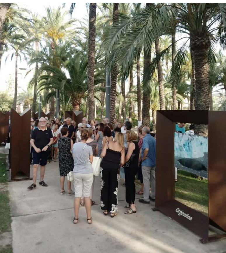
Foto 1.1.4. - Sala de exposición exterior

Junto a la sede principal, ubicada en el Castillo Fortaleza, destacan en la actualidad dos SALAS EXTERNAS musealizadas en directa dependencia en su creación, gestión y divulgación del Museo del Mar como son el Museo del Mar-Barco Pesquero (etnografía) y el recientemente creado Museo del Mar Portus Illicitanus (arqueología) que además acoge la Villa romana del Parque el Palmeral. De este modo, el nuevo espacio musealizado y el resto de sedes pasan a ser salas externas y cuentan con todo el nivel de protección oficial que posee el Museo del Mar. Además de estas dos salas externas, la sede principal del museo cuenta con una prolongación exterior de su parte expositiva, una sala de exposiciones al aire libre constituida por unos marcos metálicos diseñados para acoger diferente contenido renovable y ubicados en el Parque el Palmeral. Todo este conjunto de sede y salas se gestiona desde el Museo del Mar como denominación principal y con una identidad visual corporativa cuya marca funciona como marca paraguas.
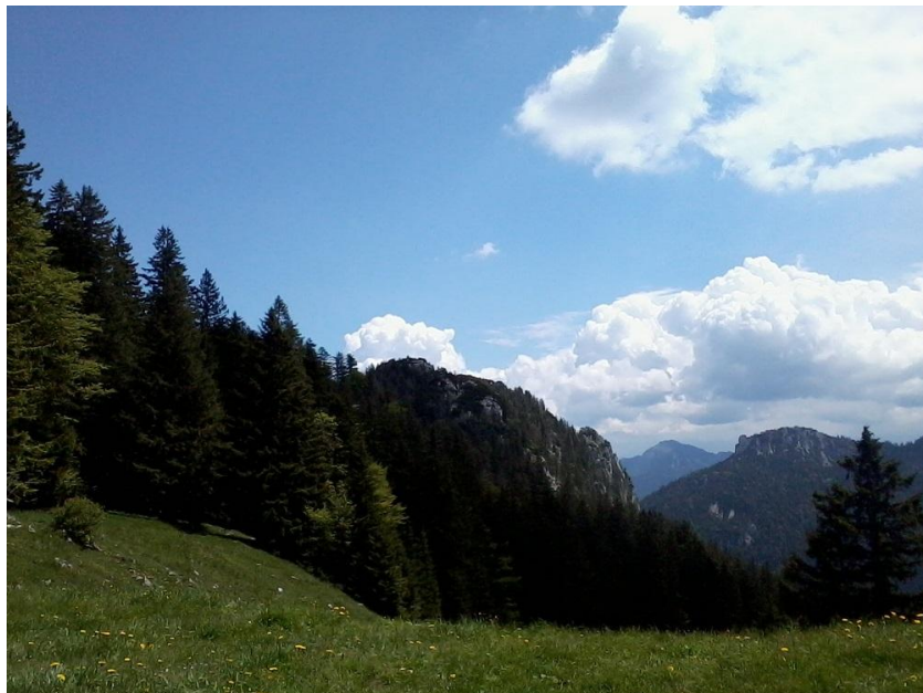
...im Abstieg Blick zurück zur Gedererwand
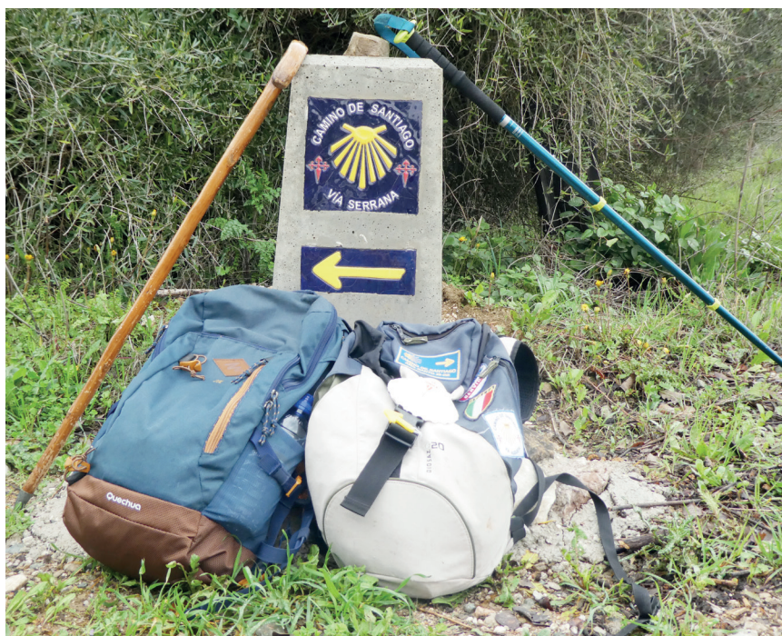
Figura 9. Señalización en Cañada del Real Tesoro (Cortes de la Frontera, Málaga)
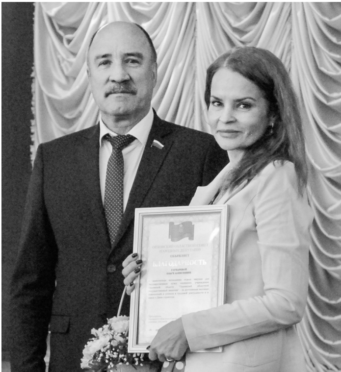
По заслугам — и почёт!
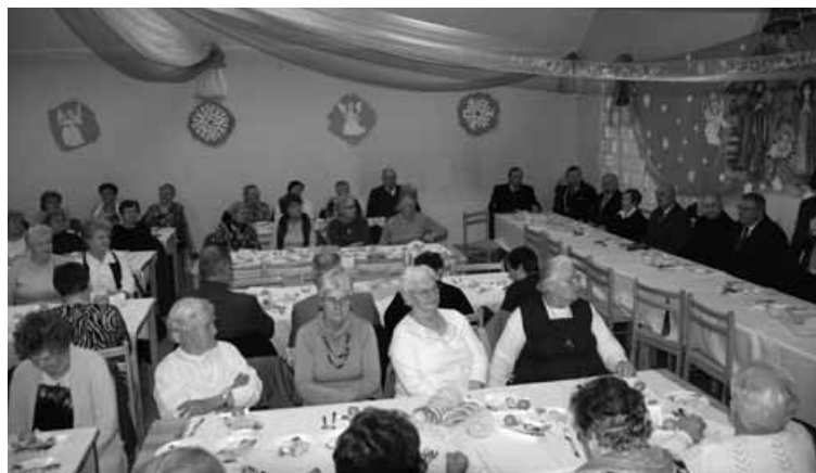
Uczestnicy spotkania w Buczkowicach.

*Activity*:
Reproduce exactly, with nothing added, the lines from the line with "По заслугам — и почёт!" through the end of the entries above; pictures are to be left out.

*Solution to the exercise*:
По заслугам — и почёт!
Uczestnicy spotkania w Buczkowicach.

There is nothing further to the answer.